Food prices already are out of control. The media doesn’t say one word about obama’s inflation.
This is bull. When you count product shrinkage, most foodstuffs have gone up 25 to 30 percent. It’s getting kind of scary going grocery shopping.
We used to be considered comfortable middle-class sorts. Not any more. I just shop for the sale stuff.
And what’s with this “water added” to ham? We pay dollars per pound for water?
I am a very price aware shopper, too. I have bought foods by using a list, and have been the list maker and budgeter for nearly twenty years. I remember when deli ham was $0.99, or just a few years ago (5 years to be exact), when I moved to this area Ham was about $2.99, London Broil was 99 cents a pound, and petite sirloin steak was $2.29. Today, that london broil is over 3 dollars a pound, and petite sirloin went up to over 7 dollars, but is now back down to around $5, $4 or so on a good sale.
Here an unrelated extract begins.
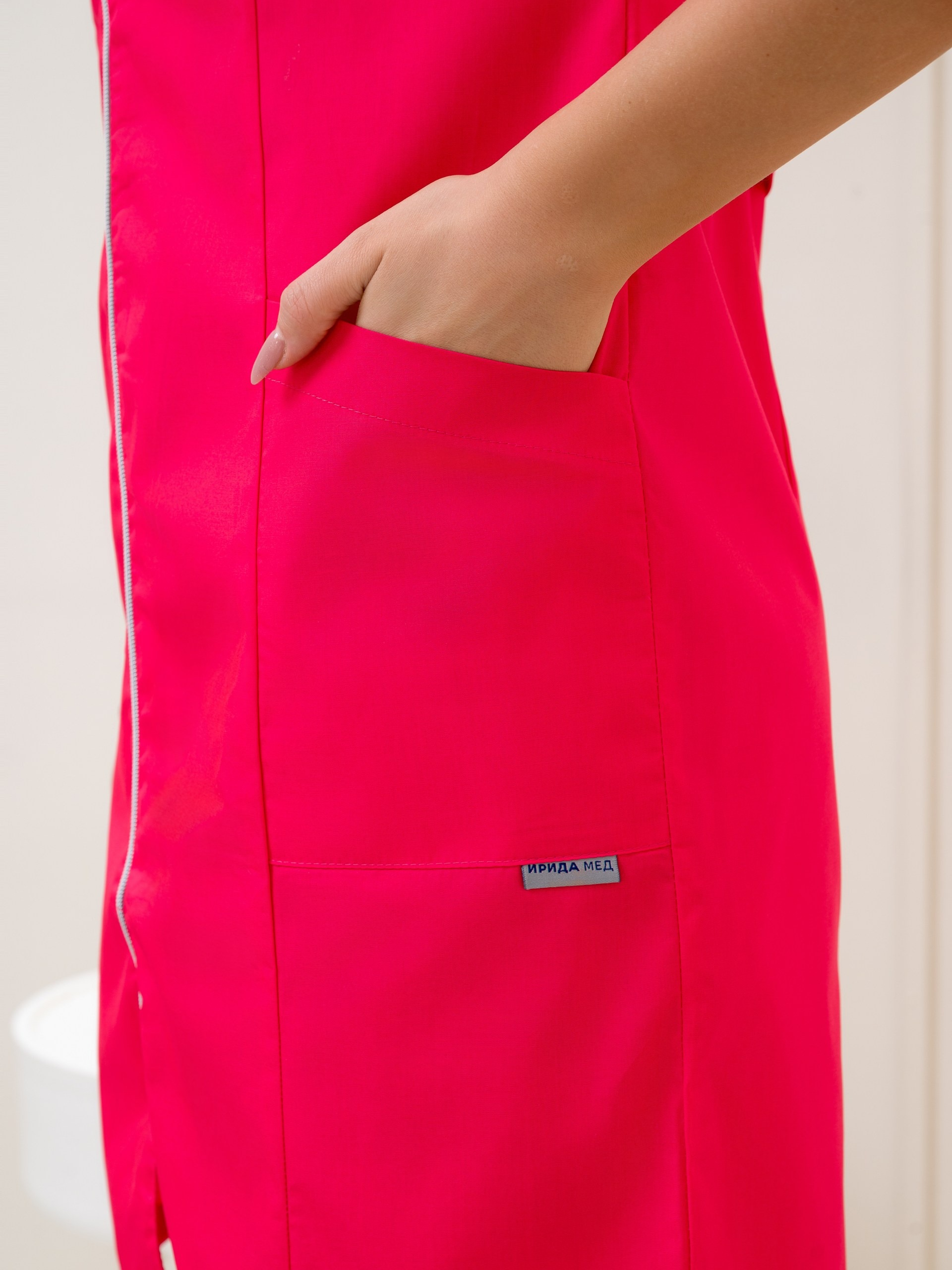 Классический, медицинский, женский халат, на молнии, без воротника и рукавом 3/4. Широкий размерный ряд с 42 по 60 размер. Смесовая ткань ТиСи, с содержанием хлопка 35% и полиэфира 65%, с плотностью 120г/м2, имеющая ВО пропитку.
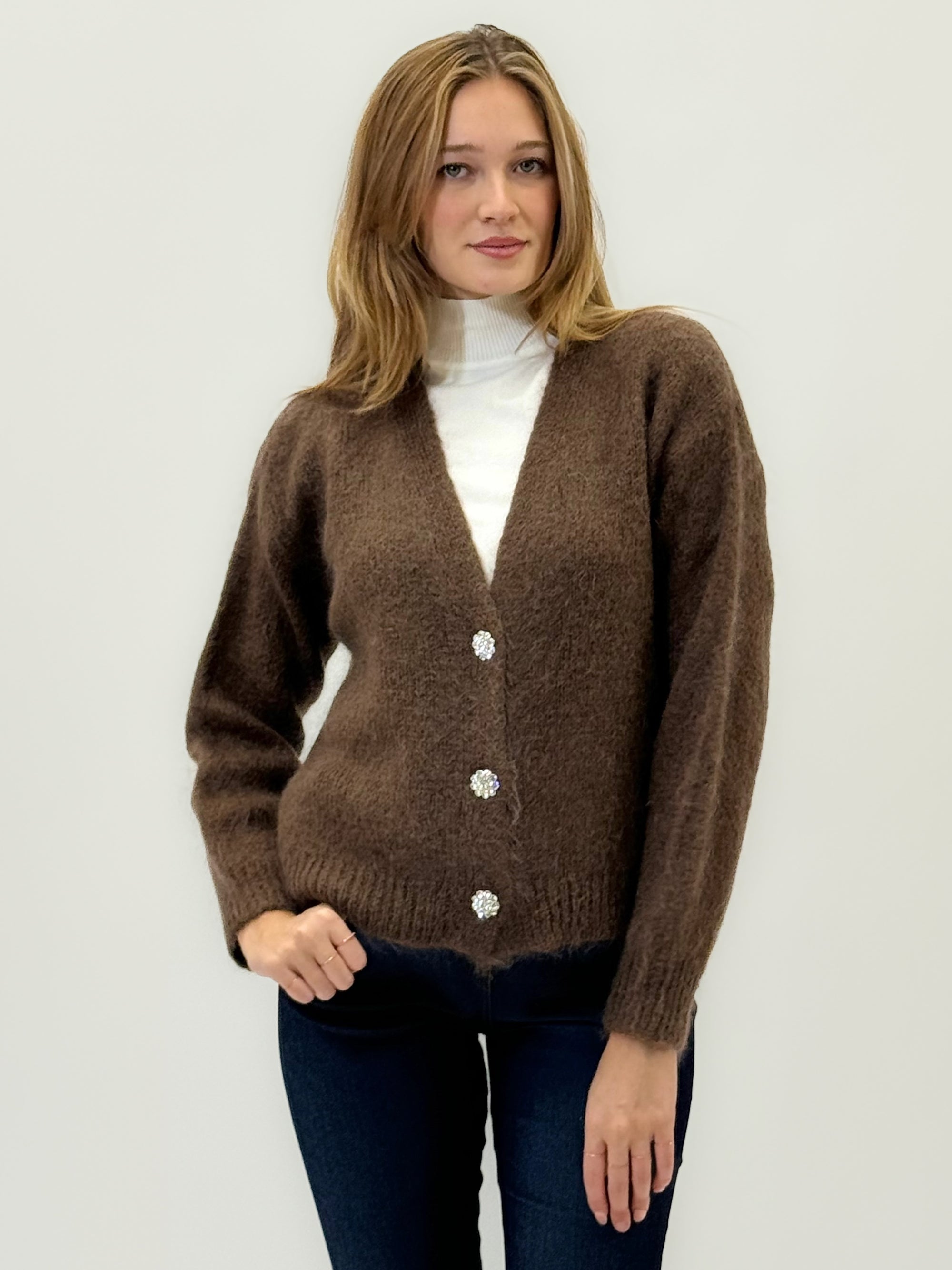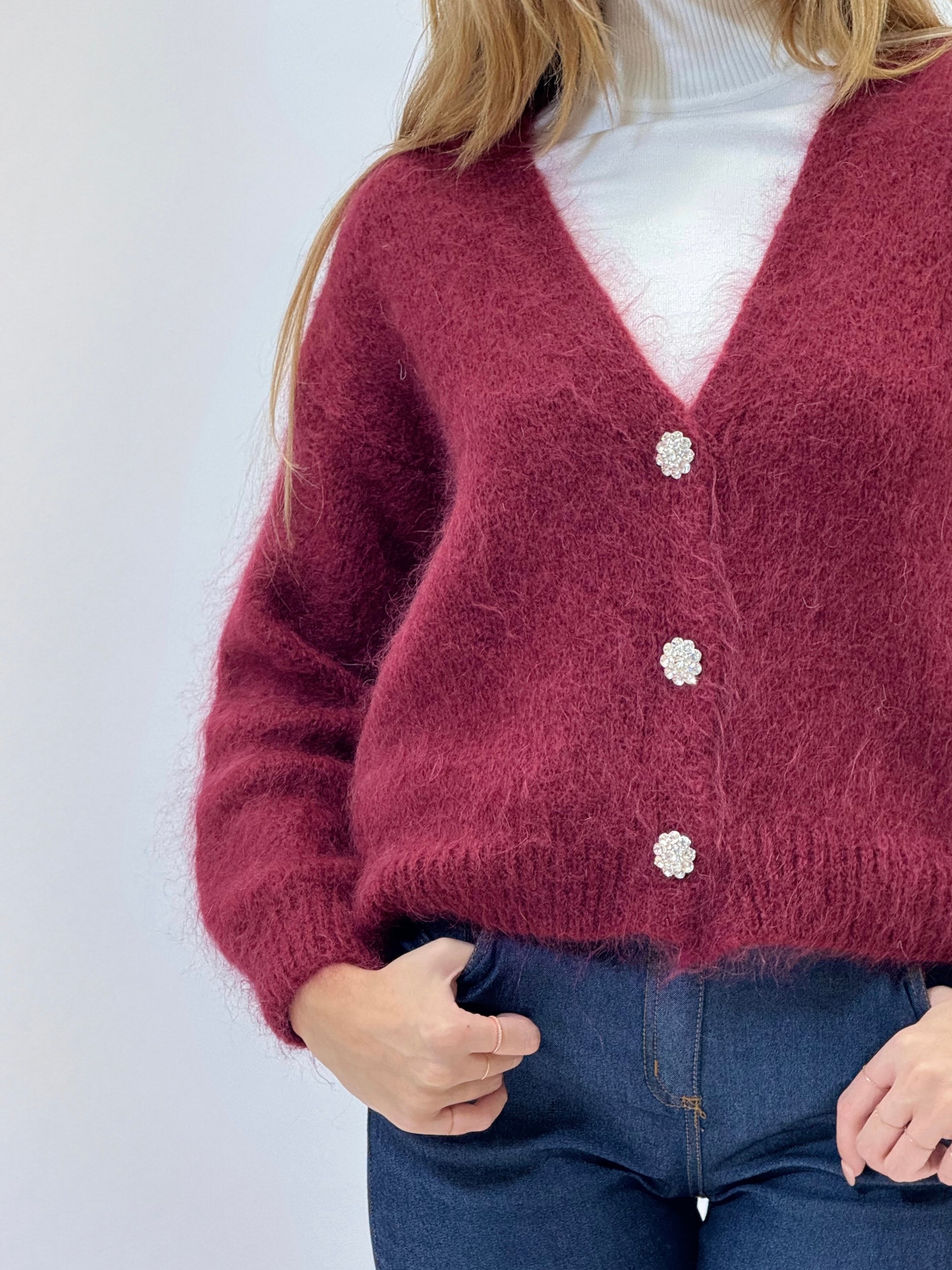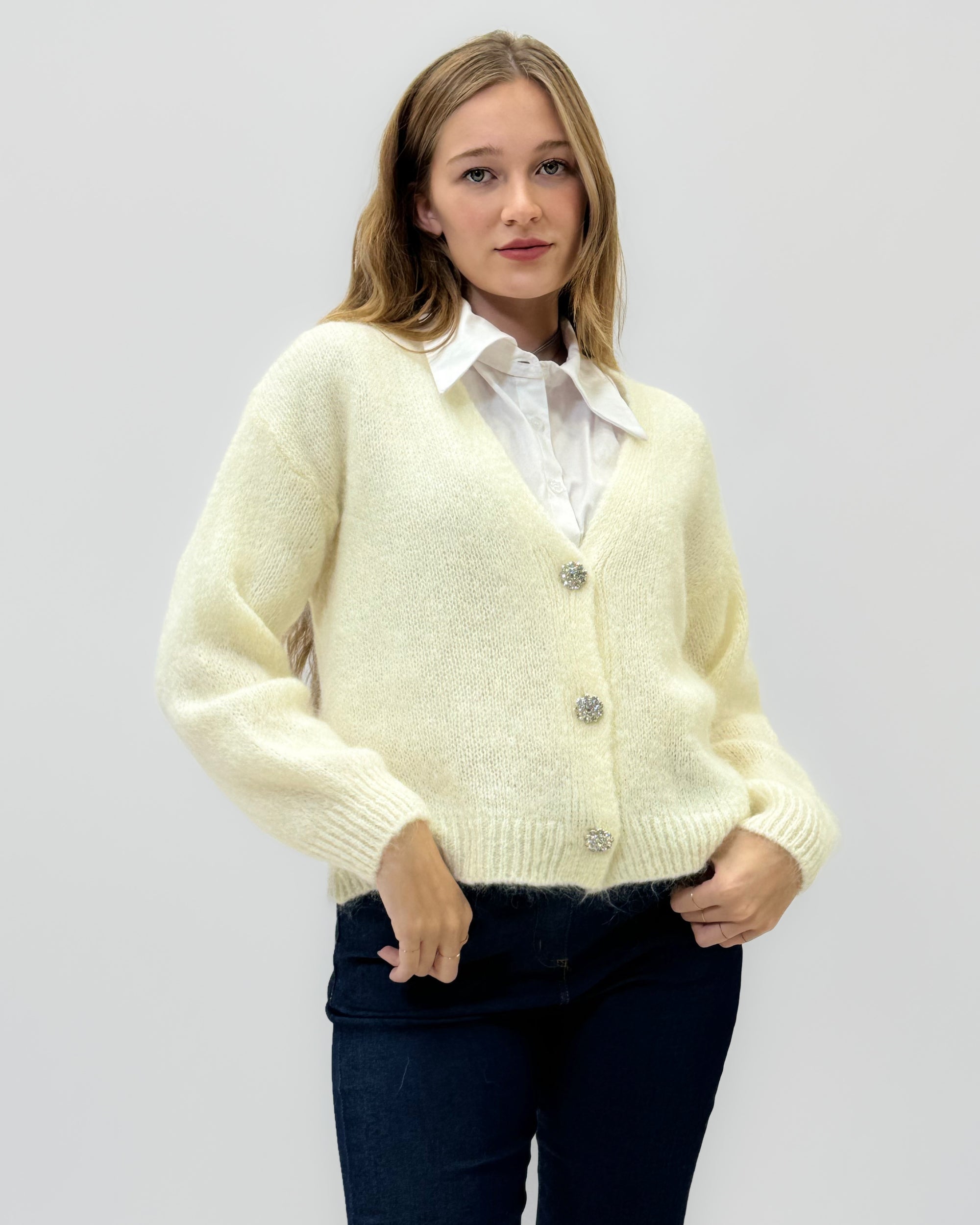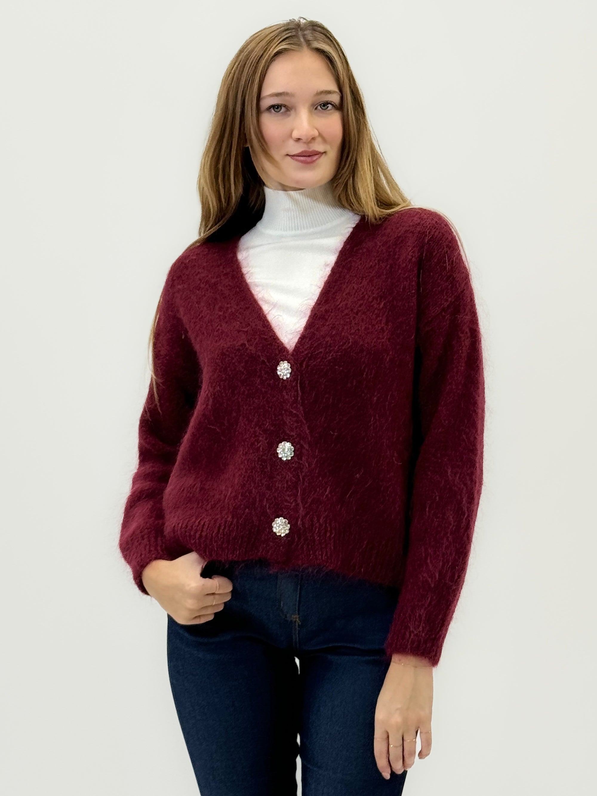 Cardigan in lana mohair con bottoni gioiello – Eleganza e morbidezza

Milk in this area used to be $0.99, at most $1.69 (for whole), just last year, and is now over $2.89 most of the time. Cheese has nearly doubled in the last two years, even at the bargain store (We only have Sam’s, not Costco, here).
I wish I could find whole wheat pasta at that good of a price, every once in a while, it’s about $1.19. Sauce is through the roof, too. Either the price goes up, or the price goes up AN the package size decreases by 20%. I remember shopping with my dad in the 90’s, an hundred dollars would fill 2 carts. Now $200 may not even fill one cart.
A 5lb bag here is already $3.99
Nor do they say anything about the nearly 1 in 5 (might be one in 6) people on foodstamps. That’s going to let the price of food skyrocket further, until only when you are on foodstamps (or grow your own food, which is questionable in legality now) will you be able to afford food.
Amen and amen! I make it a point when I'm given my grocery receipt to tell the cashier that I thank 0bama. Most are pretty receptive.
Thank you for the link!
The watered ham really makes me angry too. I bought some recently and had to dump water from the frying pan 2 or 3 times before the slice dried out enough to brown. That’s a real racket.
I was just noticing high prices tonight, at Walmart. It’s time to start making more things like bread...I haven’t done that for ages.
I used to buy a package of shredded cheese for my tacos, earlier this year it was $1.86 a package, now it is $2.36...same package, same size, etc.
Absolutely. I have noticed that everything is coming in smaller packages. I have learned a trick (tell, if you will), and that is, when you see a package that is large, and that the smaller packages cost less than the big one, that the package size is about to change.
For example, if TP is say 5.99 for a 12 pk, and the 36 pk is $20.00, that means it’s $2.00 cheaper to by the 3-12 pks. But I have found that once they rotate the stock, the new 12 pk’s are 10-20% smaller, and now cost say $7.99. It’s that way with all foods. When there is a really good sale, stock up, because I have found it to mean that the package is about to change. The best sales of the month are typically found on the 1st and 3rd weeks (week of the 1st, and week of the 15th), and remember you can freeze just about anything!
Not just ham, either. Frozen chicken breasts and lots of other items have water added, yikes!
And canned ham is about maybe 50-60% ham. The rest is water and gelatin and other pork products.